* COLLECTED DATA:
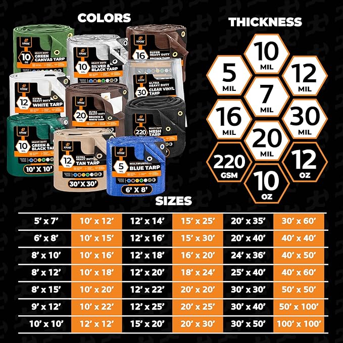 - AMAZING VERSATILITY: 37 sizes lets you cover up almost anything - perfect for camping, industrial and construction sites! FINISHED SIZE: Xpose Safety Premium Tarps Run True to Size.
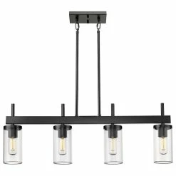 Best Sale π Golden Lighting Winslett Linear Pendant, Matte Black With Ribbed Clear Glass π
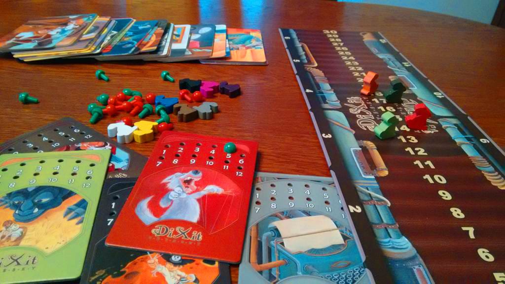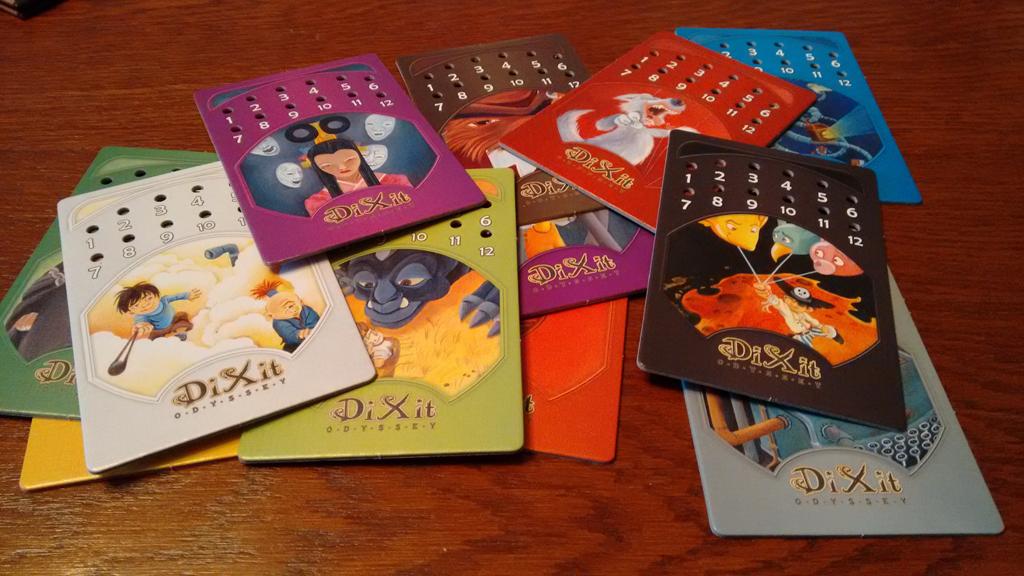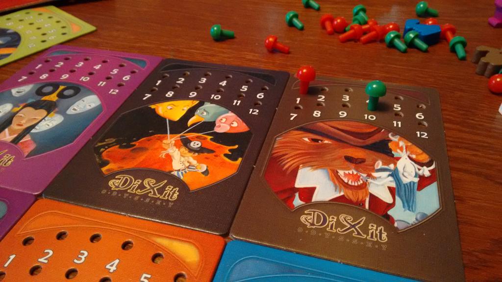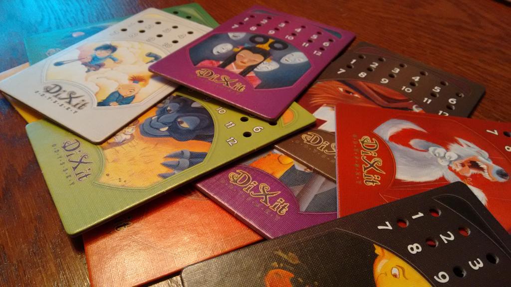 W zwykłym Dixit, głosowanie na karty odbywało się poprzez zostawianie żetonów przy swoim wyborze. Gdy na stole rozkładaliśmy wszystkie karty, kładliśmy lub dawaliśmy temu, kto wymyślił skojarzenie – żetony z numerkami. Tym razem jest inaczej i dostajemy do ręki specjalną kartę pełną dziurek i plastikowe pinezki. To dzięki nim „zaznaczamy” na co głosujemy. Rozwiązanie to sprawdza się świetnie, wszystko mamy w ręku, a sama gra rozrosła się dzięki temu do możliwości grania aż w 12 osób! Tyle właśnie dziurkowanych kart zostało oddanych do naszego użytku. Minimalną liczbą osób jest natomiast trójka, nie ma sensu grać w mniej, bo nie ma sensu zgadywać, kto dał jaką kartę, skoro albo ja, albo ta druga osoba.
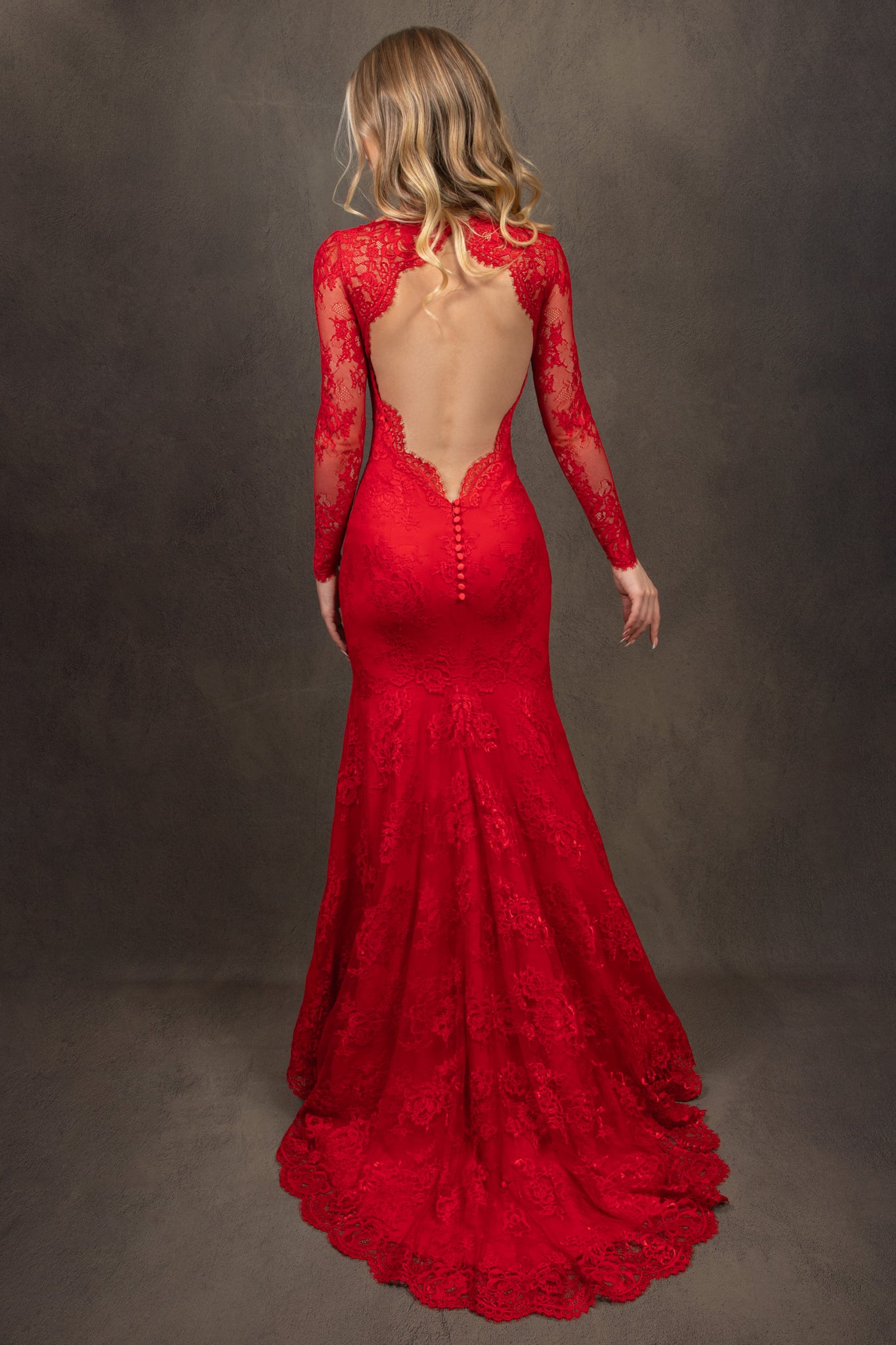 It has a jaw dropping deep plunging neckline, stunning keyhole back, figure flattering silhouette and is made of a gorgeous red Chantilly lace with enchanting rose flower pattern.

* EXERCISE DETAILS: Exactly reproduce the run of lines from the start of the listing through the line with "Best Sale π", inclusive; pictures are not copied.

* WRITTEN SOLUTION:
 - AMAZING VERSATILITY: 37 sizes lets you cover up almost anything - perfect for camping, industrial and construction sites! FINISHED SIZE: Xpose Safety Premium Tarps Run True to Size.
 Best Sale π Golden Lighting Winslett Linear Pendant, Matte Black With Ribbed Clear Glass π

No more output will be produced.